向 table 添加行进行故障排除
Troubleshooting adding a row to a table
我正在尝试制作一个 table 来查看调查问题的不同答案的百分比响应。答案是 1(最差)到 5(最好),我已经成功地做出了结果 table:Table 1
这是 Table 1
的 dput()
dput(t1)
structure(c(1.33196721311475, 0.867678958785249, 0.995024875621891,
0.544069640914037, 1.0498687664042, 0, 0.759219088937093, 0.66334991708126,
0.217627856365615, 0, 1.63934426229508, 6.83297180043384, 0.995024875621891,
0.870511425462459, 1.0498687664042, 19.5696721311475, 37.0932754880694,
26.6998341625207, 20.2393906420022, 20.4724409448819, 77.4590163934426,
54.4468546637744, 70.6467661691542, 78.1284004352557, 77.4278215223097
), .Dim = c(5L, 5L), .Dimnames = structure(list(c("A", "B", "C",
"D", "E"), c("1", "2", "3", "4", "5")), .Names = c("", "")))
生成者:
t1<- t(apply(table(cleandata$`Event Name`, cleandata$Q1), 1, function(x) (x/sum(x)*100)))
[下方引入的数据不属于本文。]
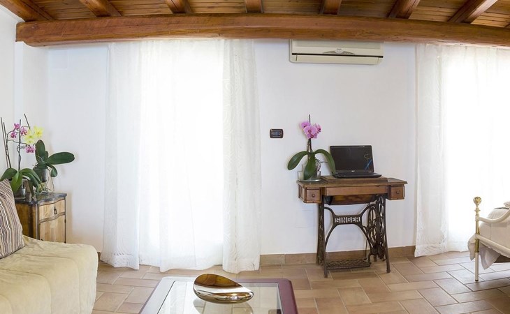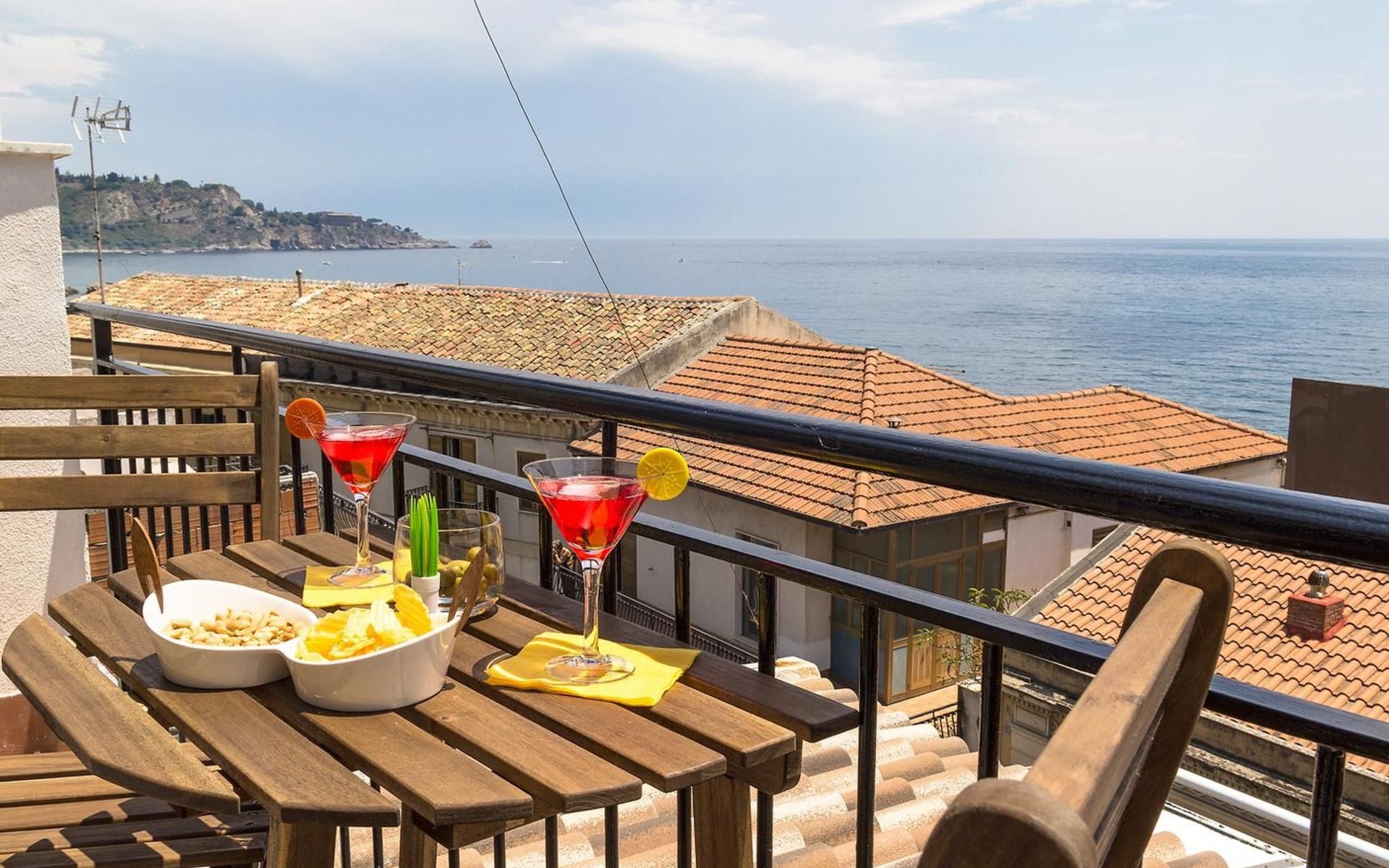 Outside there is a little balcony, affording a great view of the sea and Taormina bay. There is also a big terrace for al fresco dining.
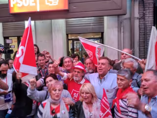 Unos 20 militantes socialistas simpatizantes del exsecretario general y candidato a la reeleción, Pedro Sánchez, han llenado este domingo de vítores y cánticos la sede socialista en Ferraz en apoyo al exsecretario. Una emoción que ha ido en aumento según se conocían los resultados de las primarias socialistas.
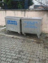 ilçesinde Mehmet Ali ve Kadri Yılmaz Anadolu Lisesi yanındaki çöp konteyneri

如何使用列均值在 table 的底部添加一行?我已经尝试将 add_row 与 tidyverse、rbind 和 bind_rows 一起使用,但似乎没有任何效果。我得到的是 colMean(t1) 的列平均值,但也许我用错了方法?
使用 rbind 你可以:
rbind(t1, Mean = colMeans(t1))
#> 1 2 3 4 5
#> A 1.3319672 0.0000000 1.6393443 19.56967 77.45902
#> B 0.8676790 0.7592191 6.8329718 37.09328 54.44685
#> C 0.9950249 0.6633499 0.9950249 26.69983 70.64677
#> D 0.5440696 0.2176279 0.8705114 20.23939 78.12840
#> E 1.0498688 0.0000000 1.0498688 20.47244 77.42782
#> Mean 0.9577219 0.3280394 2.2775442 24.81492 71.62177
由 reprex package (v2.0.1)
于 2022-05-19 创建
我更喜欢@stefan 的解决方案,但是如果你想使用 add_row,你需要将它从矩阵转换为数据框,例如
library(dplyr)
tab <- cbind(names = rownames(t1), as_tibble(t1)) %>%
add_row(names = "Mean", t1 %>%
as_tibble() %>%
summarise(across(everything(), mean)))
colnames(tab)[1] <- ""
输出:
1 2 3 4 5
1 A 1.3319672 0.0000000 1.6393443 19.56967 77.45902
2 B 0.8676790 0.7592191 6.8329718 37.09328 54.44685
3 C 0.9950249 0.6633499 0.9950249 26.69983 70.64677
4 D 0.5440696 0.2176279 0.8705114 20.23939 78.12840
5 E 1.0498688 0.0000000 1.0498688 20.47244 77.42782
6 Mean 0.9577219 0.3280394 2.2775442 24.81492 71.62177
我正在尝试制作一个 table 来查看调查问题的不同答案的百分比响应。答案是 1(最差)到 5(最好),我已经成功地做出了结果 table:Table 1
这是 Table 1
的 dput()dput(t1)
structure(c(1.33196721311475, 0.867678958785249, 0.995024875621891,
0.544069640914037, 1.0498687664042, 0, 0.759219088937093, 0.66334991708126,
0.217627856365615, 0, 1.63934426229508, 6.83297180043384, 0.995024875621891,
0.870511425462459, 1.0498687664042, 19.5696721311475, 37.0932754880694,
26.6998341625207, 20.2393906420022, 20.4724409448819, 77.4590163934426,
54.4468546637744, 70.6467661691542, 78.1284004352557, 77.4278215223097
), .Dim = c(5L, 5L), .Dimnames = structure(list(c("A", "B", "C",
"D", "E"), c("1", "2", "3", "4", "5")), .Names = c("", "")))
生成者:
t1<- t(apply(table(cleandata$`Event Name`, cleandata$Q1), 1, function(x) (x/sum(x)*100)))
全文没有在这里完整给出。